Review denied at 127 Wash. 2d 1017 (1995).
NOTES
[1] The Legislature amended the structure of RCW 46.61.520 in 1991. The substance of the statute remains the same.
[2] In each case, the violation must be the proximate cause of the injury. The injury, in turn, must be a proximate cause of death. State v. McAllister, 60 Wash. App. 654, 657-58, 806 P.2d 772 (1991).
[3] Tang has filed a motion to stay proceedings in this case pending the Supreme Court's resolution of State v. Salas, 74 Wash. App. 400, 873 P.2d 578, review granted, 125 Wash. 2d 1007 (1994). Salas presents the issue of whether RCW 46.61.520 requires the defendant's intoxication be a proximate cause of the victim's death. The Supreme Court's resolution of Salas, therefore, may impact its holding in MacMaster and cases relying on MacMaster. The issue presented in Salas, however, is not before us. We are not deciding whether causation is a required element of the DWI means of committing vehicular homicide. Rather, we are deciding whether this element was properly alleged in the charging document. Because we conclude that it is, whatever result the Supreme Court reaches in Salas will have no bearing on the result we reach here. The Appellant's motion to stay the proceedings in this case is therefore denied.
[4] Tang does not contend that the information fails to allege a causal connection as to the other means with which he was charged operating a motor vehicle with disregard for the safety of others.
[5] Sanchez challenged the information for the first time on appeal.
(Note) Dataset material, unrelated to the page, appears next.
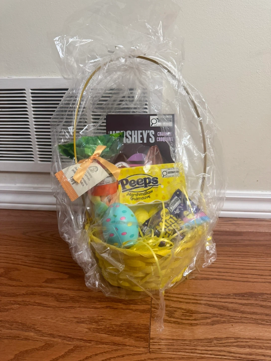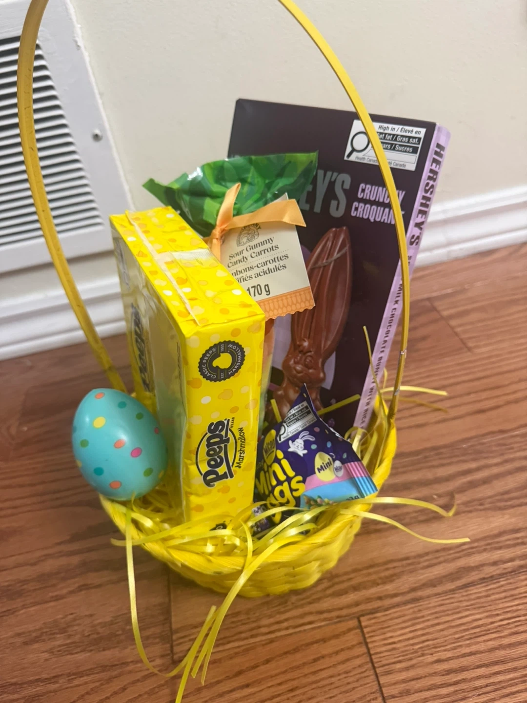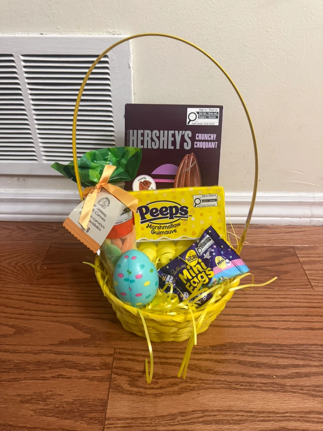 Easter themed treats, Has a Very Big Hersheys chocolate Rabbit, Peeps flavoured Marshmellow, Dairy milk chocolate eggs, Casbury mini eggs, Easter Egg Squeeze Play Toy, Sour Bunny Gummy Candys in a beautiful packaging and basket with confetti

[6] Schad was charged with first degree felony murder and first degree premeditated murder. He was convicted of first degree murder by general verdict. A plurality of the Court concluded that the mental states of felony murder (which is intent to murder combined with an independent felony) and premeditated murder could reasonably be considered moral equivalents and that defining the two as alternative means, rather than separate crimes, did not offend due process.
[7] Prior to July 1, 1990, all three means of violating the statute were assigned the same seriousness level under the Sentencing Reform Act of 1981. See State v. May, 68 Wash. App. 491, 495, 843 P.2d 1102 (1993); RCW 9.94A.320. Currently, the DWI means of committing vehicular homicide has a seriousness level of 9; vehicular homicide by operation of a vehicle in a reckless manner has a seriousness level of 8, and vehicular homicide by disregard for the safety of others has a seriousness level of 7. RCW 9.94A.320.
[8] Fortune was neither argued nor decided when the instant case was argued. Thus, the parties were not aware of our disposition of this issue.